══ MATERIAL FOR THIS EXERCISE
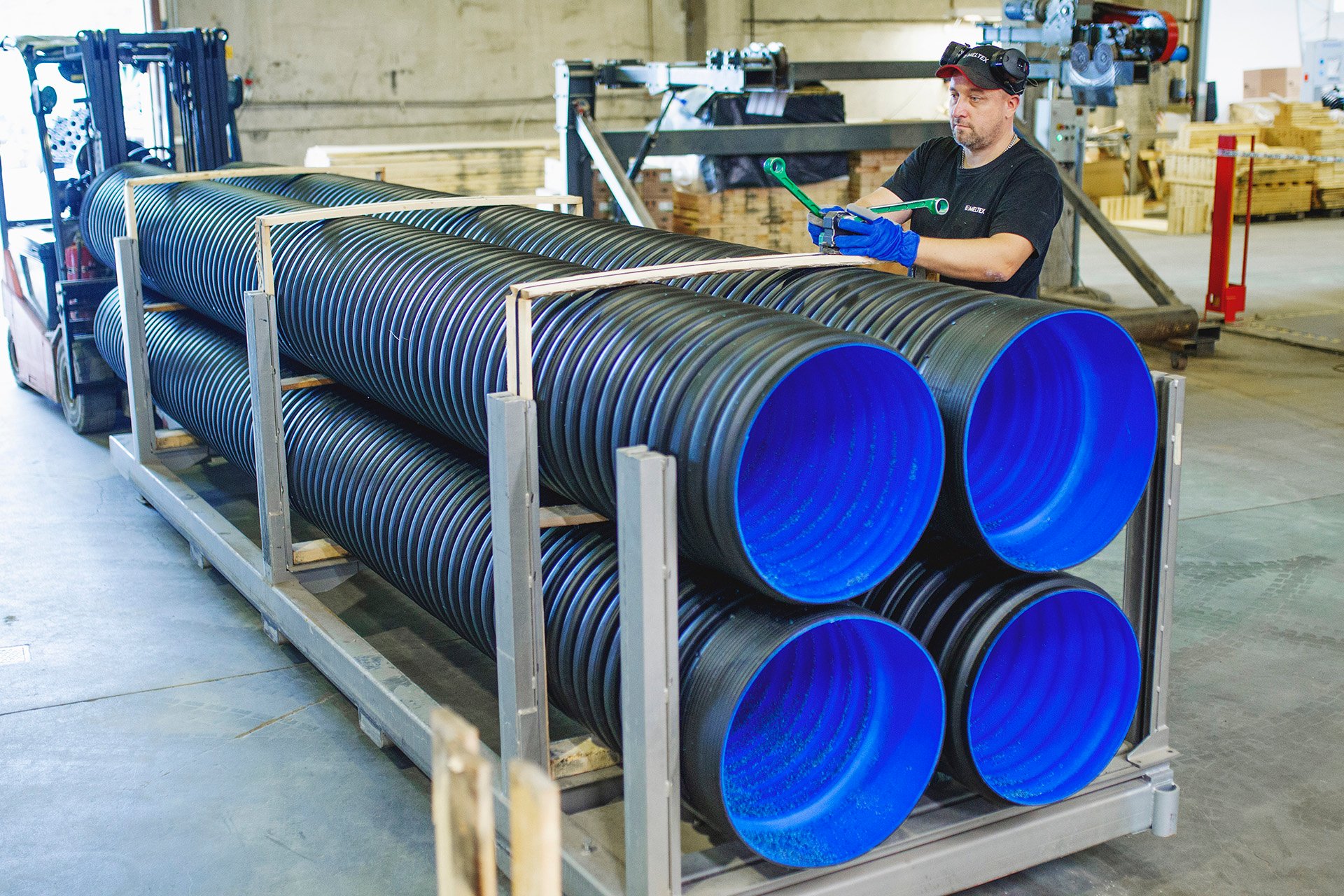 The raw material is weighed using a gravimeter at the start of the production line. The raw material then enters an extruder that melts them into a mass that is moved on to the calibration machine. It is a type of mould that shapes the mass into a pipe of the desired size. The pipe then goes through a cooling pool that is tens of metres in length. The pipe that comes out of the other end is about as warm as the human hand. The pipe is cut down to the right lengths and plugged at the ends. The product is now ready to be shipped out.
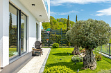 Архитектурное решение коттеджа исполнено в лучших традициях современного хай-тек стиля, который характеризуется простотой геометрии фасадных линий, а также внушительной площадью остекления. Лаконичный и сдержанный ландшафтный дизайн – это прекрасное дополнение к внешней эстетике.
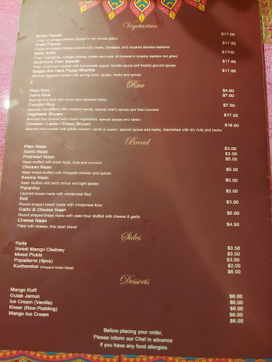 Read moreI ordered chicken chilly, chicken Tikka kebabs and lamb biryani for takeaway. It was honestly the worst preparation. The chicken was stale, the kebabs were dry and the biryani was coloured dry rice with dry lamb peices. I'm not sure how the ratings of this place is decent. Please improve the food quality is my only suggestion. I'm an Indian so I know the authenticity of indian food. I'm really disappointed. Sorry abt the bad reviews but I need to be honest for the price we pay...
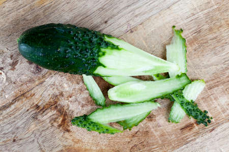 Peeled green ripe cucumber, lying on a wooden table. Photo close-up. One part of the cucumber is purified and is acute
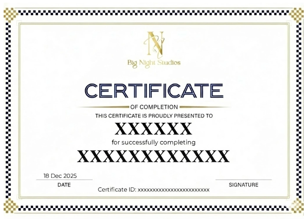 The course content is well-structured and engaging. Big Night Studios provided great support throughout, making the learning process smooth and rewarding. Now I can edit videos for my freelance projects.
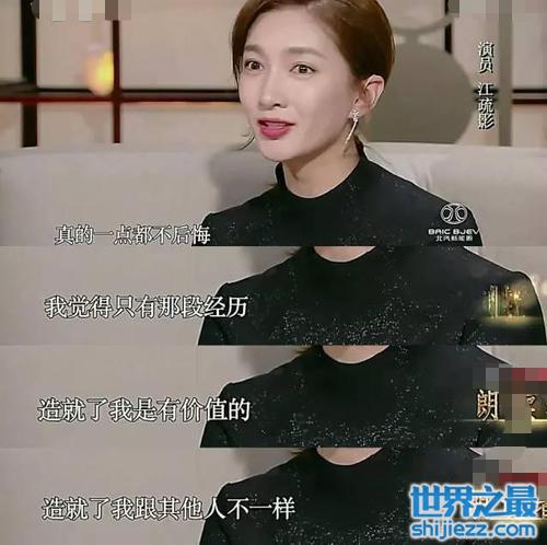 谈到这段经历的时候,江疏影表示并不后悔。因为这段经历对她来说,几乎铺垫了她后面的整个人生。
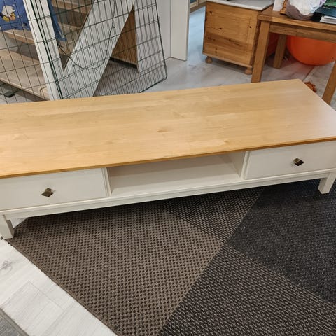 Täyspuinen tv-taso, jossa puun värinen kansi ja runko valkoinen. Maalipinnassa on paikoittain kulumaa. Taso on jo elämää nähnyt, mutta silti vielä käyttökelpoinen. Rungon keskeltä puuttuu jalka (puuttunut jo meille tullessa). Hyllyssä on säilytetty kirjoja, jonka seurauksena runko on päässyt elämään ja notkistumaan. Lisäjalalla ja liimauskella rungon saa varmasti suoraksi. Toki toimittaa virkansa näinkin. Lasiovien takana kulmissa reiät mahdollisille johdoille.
════
══ MATERIAL FOR THIS EXERCISE
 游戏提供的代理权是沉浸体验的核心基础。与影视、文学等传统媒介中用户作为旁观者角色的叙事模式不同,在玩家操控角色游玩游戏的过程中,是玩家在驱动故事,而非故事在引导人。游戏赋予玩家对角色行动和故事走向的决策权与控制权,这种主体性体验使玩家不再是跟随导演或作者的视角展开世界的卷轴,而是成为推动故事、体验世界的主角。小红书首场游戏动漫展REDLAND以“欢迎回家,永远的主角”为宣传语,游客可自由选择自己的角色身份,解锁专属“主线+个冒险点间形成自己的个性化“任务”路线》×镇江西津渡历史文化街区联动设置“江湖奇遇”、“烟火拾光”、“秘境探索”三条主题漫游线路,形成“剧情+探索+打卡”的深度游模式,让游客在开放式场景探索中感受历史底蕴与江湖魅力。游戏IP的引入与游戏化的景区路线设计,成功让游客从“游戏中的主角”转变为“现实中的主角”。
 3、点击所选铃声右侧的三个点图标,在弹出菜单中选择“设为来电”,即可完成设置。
════
Reproduce exactly the lines above that run from the one with "谈到这段经历的时候,江疏影表" to the one with "Täyspuinen tv-taso, jossa", both included, leaving pictures out.

 谈到这段经历的时候,江疏影表示并不后悔。因为这段经历对她来说,几乎铺垫了她后面的整个人生。
 Täyspuinen tv-taso, jossa puun värinen kansi ja runko valkoinen. Maalipinnassa on paikoittain kulumaa. Taso on jo elämää nähnyt, mutta silti vielä käyttökelpoinen. Rungon keskeltä puuttuu jalka (puuttunut jo meille tullessa). Hyllyssä on säilytetty kirjoja, jonka seurauksena runko on päässyt elämään ja notkistumaan. Lisäjalalla ja liimauskella rungon saa varmasti suoraksi. Toki toimittaa virkansa näinkin. Lasiovien takana kulmissa reiät mahdollisille johdoille.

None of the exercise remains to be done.